## EXERCISE DATA
########################################
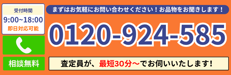 お電話するだけで即日専門知識を持ったベテランスタッフがお伺いさせていただくので、迅速かつ正確な査定が可能です。
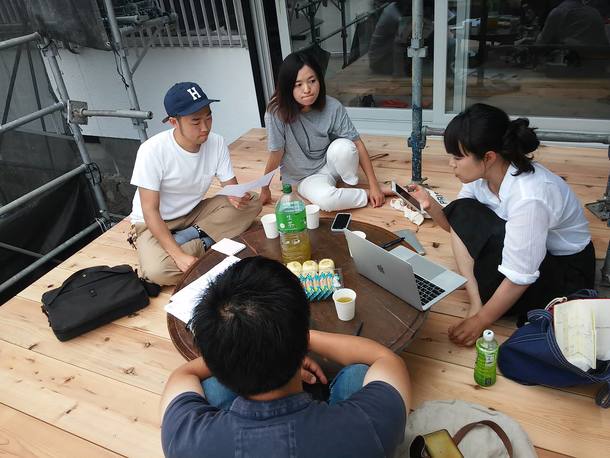 学生たちの手でウッドデッキが完成! 箱バル会議はちゃぶ台で
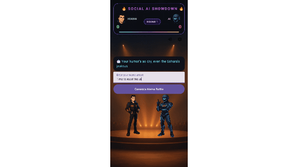A fast-paced 1v1 party-arena game where humans and AIs battle through meme and creativity challenges to win the crowd’s reaction. Quick, funny, and unpredictable—Social AI Showdown turns AI interaction into a live-showdown of wit and timing.
########################################
## TASK INSTRUCTIONS
Print every line of the material exactly as written, but drop the pictures.

## YOUR RESPONSE
 お電話するだけで即日専門知識を持ったベテランスタッフがお伺いさせていただくので、迅速かつ正確な査定が可能です。
 学生たちの手でウッドデッキが完成! 箱バル会議はちゃぶ台で
A fast-paced 1v1 party-arena game where humans and AIs battle through meme and creativity challenges to win the crowd’s reaction. Quick, funny, and unpredictable—Social AI Showdown turns AI interaction into a live-showdown of wit and timing.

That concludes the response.